Union Carbide, purchased by Dow Chemical Co. in 2001, insists in court filings that there is “no evidence to support that UCC is currently endangering the public and adversely impacting public resources.”  

The company declined to answer a list of detailed questions. In an emailed statement it said: “Union Carbide Corporation (UCC) is aware of the complaints by Courtland Company. UCC denies all claims asserted against it by Courtland and will continue to vigorously defend itself. As this is ongoing litigation, UCC will not comment further at this time.”

Michael Callaghan, the attorney representing Courtland, vehemently disagrees with the company’s assessment. Callaghan is a former assistant U.S. attorney and secretary of the West Virginia Department of Environmental Protection. 

“I’ve been doing environmental law in some form or fashion for 30 years, and I have never seen anything like this,” he said. “To walk away from a liability and just leave it on the ground is outrageous.”

I've been doing environmental law in some form or fashion for 30 years, and I have never seen anything like this – Michael Callaghan, attorney

Landfill Revealed

In August 2018, Courtland filed its first lawsuit against Union Carbide. A year earlier, the company conducted some environmental sampling on its property and found elevated levels of pollutants such as arsenic, barium, cadmium, lead and selenium. In the lawsuit, the company asserts the contamination came from the nearby Tech Center, which was Carbide’s research and development hub for decades. 

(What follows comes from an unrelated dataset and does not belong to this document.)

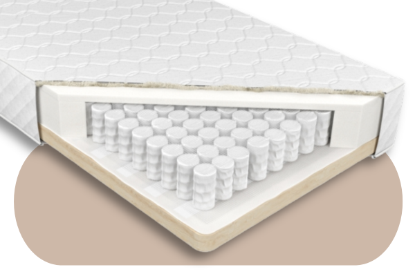 Materac na ramie drewnianej o wysokości około 23 cm. Wkład materaca stanowi sprężyna kieszeniowa zbudowana z wysokogatunkowego drutu, umieszczonego w pojedynczych, tkaninowych kieszeniach, oraz przekładka tapicerska połączona z 3 cm warstwą pianki poliuretanowej. Materac dostępny jest w wersji letniej – wyposażonej w antyalerginczą owatę, oraz lateksowe włosie końskie – które ma za zadanie pochłaniać i odprowadzać wilgoć z materaca, lub w wersji zimowej – posiadającej naturalną wełnę owczą, doskonale kumulującą ciepło.

In the suit, Courtland asked Union Carbide and Dow to investigate and clean up the contamination. 

“I would call that a garden variety environment case. Just a straightforward case of your neighbor pollutes on you and we need to solve that problem,” Callaghan said. “Well, the case took quite a strange twist.”

Near the end of an October 2019 deposition, Jerome Cibrik, remediation leader at Union Carbide, revealed that “another UCC facility” in “this general area north of the tracks” was causing contamination in some monitoring wells. The tracks are part of a rail yard, sometimes called the Massey rail yard or coal yard, also owned by Union Carbide.

 

 

A screenshot of part of Jerome Cibrik’s deposition.

When asked what was disposed of in the site Cirbik said, “We don’t have good records of what was in there.” He then identified DYNEL, a polyester fiber material, as a substance that was specifically disposed of at the Filmont site. 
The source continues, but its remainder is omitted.